Why are UK Covid-19 cases falling when Europe's are surging?


Daniel Bardsley
  • English
  • Arabic

As coronavirus case rates in much of continental Europe are rising, the UK has been recording a fall in the number of positive tests.

Although the decrease took some by surprise, modellers forecast that instead of soaring as winter approached, case numbers in the UK could decline.

The situation remains finely balanced, however, with some suggestions that numbers may be creeping up again.
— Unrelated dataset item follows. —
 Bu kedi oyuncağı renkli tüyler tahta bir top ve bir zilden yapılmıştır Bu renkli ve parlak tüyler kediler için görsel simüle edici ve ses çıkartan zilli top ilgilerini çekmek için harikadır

UK Prime Minister Boris Johnson said this week he could not rule out a Christmas lockdown if infection rates did continue to climb.
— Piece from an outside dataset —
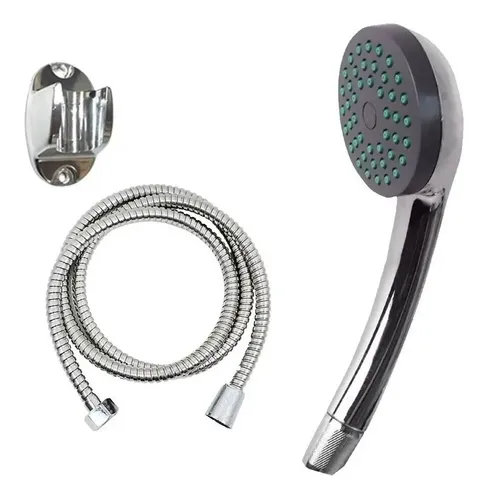 Ducha cromada de mano con soporte y manguera

Nonetheless, the recent figures have given cause for optimism only weeks after the English Health Secretary, Sajid Javid, gave a warning that positive tests could more than double to 100,000 a day.

I think it’s the beginning of the end of the pandemic
Prof Ian Jones

But why does the UK appear to be bucking the upwards trend of many of its neighbours?

The National explains.

What has been happening to UK case numbers?
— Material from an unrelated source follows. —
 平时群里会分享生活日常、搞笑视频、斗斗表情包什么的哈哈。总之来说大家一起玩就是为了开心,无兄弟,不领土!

By mid-to-late October, the UK had seen five successive weeks of increases in the number of positive Covid-19 cases. This fuelled concerns that the country was going to experience a tough winter in which hospitals would be put under extreme pressure, especially given the risk that influenza cases could spiral, too.

In the week beginning on October 18, there were 330,465 confirmed cases, the country's highest figure since January and third-highest since the start of the pandemic.

However, the trend since has been for case numbers to fall by more than 10 per cent each week, although in the last seven days case numbers have crept back up by six per cent to 262,419.

Trends in deaths tend to follow several weeks behind cases. In the latest seven-day period there were 1,093 deaths, 6.9 per cent down on the previous seven-day period.

Hospital admissions have fallen too.

Has the recent fall in cases come as a surprise?

David Taylor, professor emeritus of pharmaceutical and public health policy at University College London, said the UK had some of the world’s best disease modellers in the world – and they had forecast a decline. He highlighted in particular work by Imperial College London and UCL.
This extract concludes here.